Output only the lines below from the one holding "Kjo kuti organizative" down to the one holding "環(huán)境溫度:攝氏4", both end lines included and every picture dropped.

(Data supplied Opens)

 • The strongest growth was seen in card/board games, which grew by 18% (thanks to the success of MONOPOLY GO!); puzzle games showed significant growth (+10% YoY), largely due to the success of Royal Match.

(Data supplied Closes)
(Data supplied Opens)

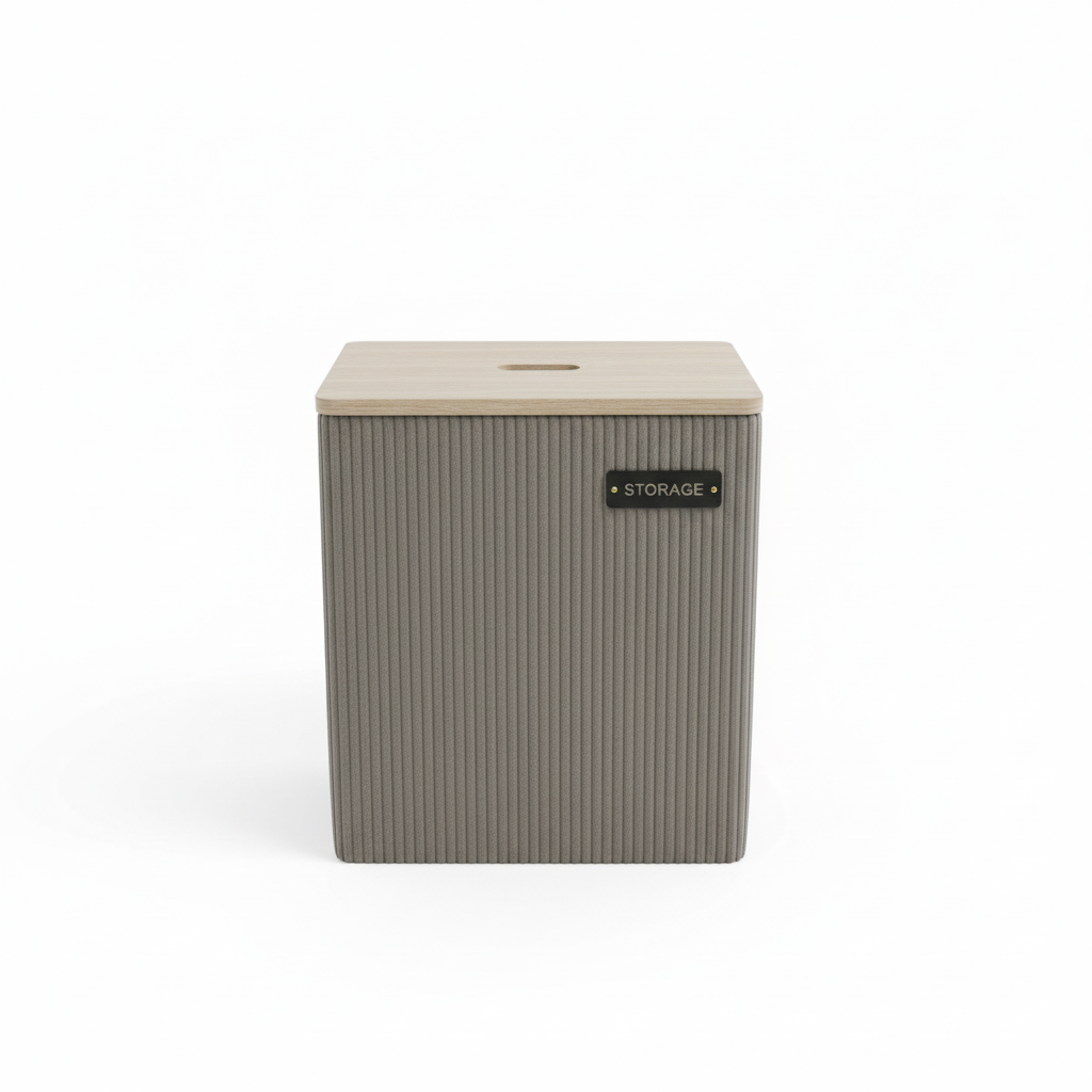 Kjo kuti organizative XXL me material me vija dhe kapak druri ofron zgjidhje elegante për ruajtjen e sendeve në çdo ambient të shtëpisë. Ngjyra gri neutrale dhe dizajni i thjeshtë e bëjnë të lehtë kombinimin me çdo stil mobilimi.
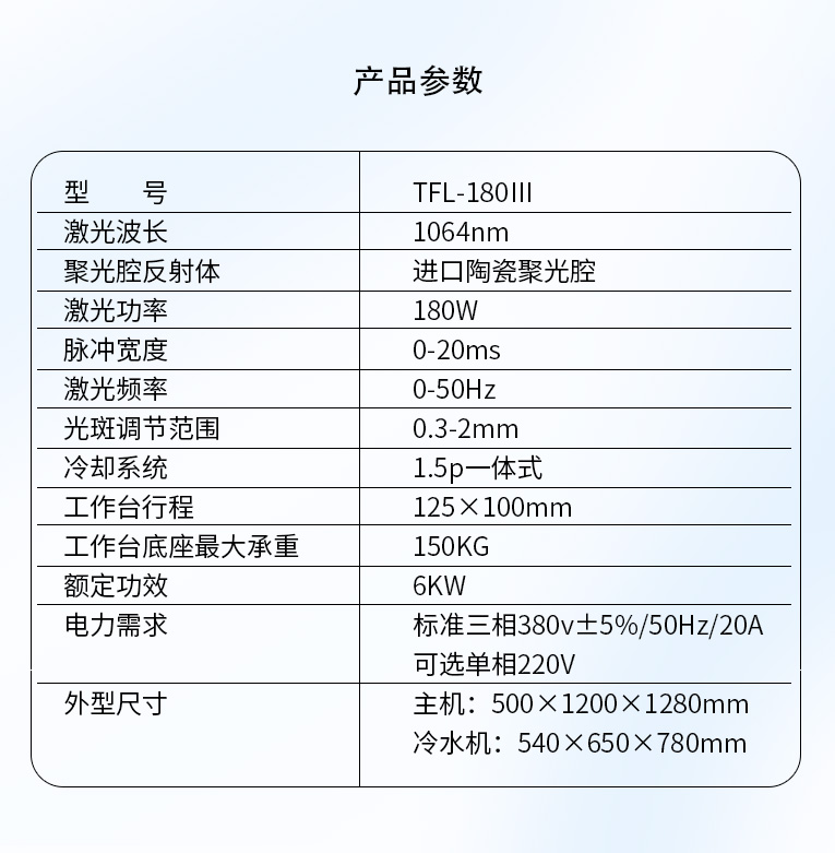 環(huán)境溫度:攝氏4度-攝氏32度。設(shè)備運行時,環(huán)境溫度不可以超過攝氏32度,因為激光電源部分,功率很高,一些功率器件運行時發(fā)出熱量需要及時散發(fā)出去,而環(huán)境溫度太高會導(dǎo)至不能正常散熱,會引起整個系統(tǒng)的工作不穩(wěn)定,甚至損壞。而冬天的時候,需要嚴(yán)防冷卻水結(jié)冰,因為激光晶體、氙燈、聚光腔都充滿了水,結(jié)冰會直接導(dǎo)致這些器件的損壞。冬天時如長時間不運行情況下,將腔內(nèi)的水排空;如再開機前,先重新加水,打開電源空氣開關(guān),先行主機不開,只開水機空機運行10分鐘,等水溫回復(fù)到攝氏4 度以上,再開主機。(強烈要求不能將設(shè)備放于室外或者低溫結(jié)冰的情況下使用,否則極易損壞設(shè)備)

(Data supplied Closes)

Task answer:
 Kjo kuti organizative XXL me material me vija dhe kapak druri ofron zgjidhje elegante për ruajtjen e sendeve në çdo ambient të shtëpisë. Ngjyra gri neutrale dhe dizajni i thjeshtë e bëjnë të lehtë kombinimin me çdo stil mobilimi.
 環(huán)境溫度:攝氏4度-攝氏32度。設(shè)備運行時,環(huán)境溫度不可以超過攝氏32度,因為激光電源部分,功率很高,一些功率器件運行時發(fā)出熱量需要及時散發(fā)出去,而環(huán)境溫度太高會導(dǎo)至不能正常散熱,會引起整個系統(tǒng)的工作不穩(wěn)定,甚至損壞。而冬天的時候,需要嚴(yán)防冷卻水結(jié)冰,因為激光晶體、氙燈、聚光腔都充滿了水,結(jié)冰會直接導(dǎo)致這些器件的損壞。冬天時如長時間不運行情況下,將腔內(nèi)的水排空;如再開機前,先重新加水,打開電源空氣開關(guān),先行主機不開,只開水機空機運行10分鐘,等水溫回復(fù)到攝氏4 度以上,再開主機。(強烈要求不能將設(shè)備放于室外或者低溫結(jié)冰的情況下使用,否則極易損壞設(shè)備)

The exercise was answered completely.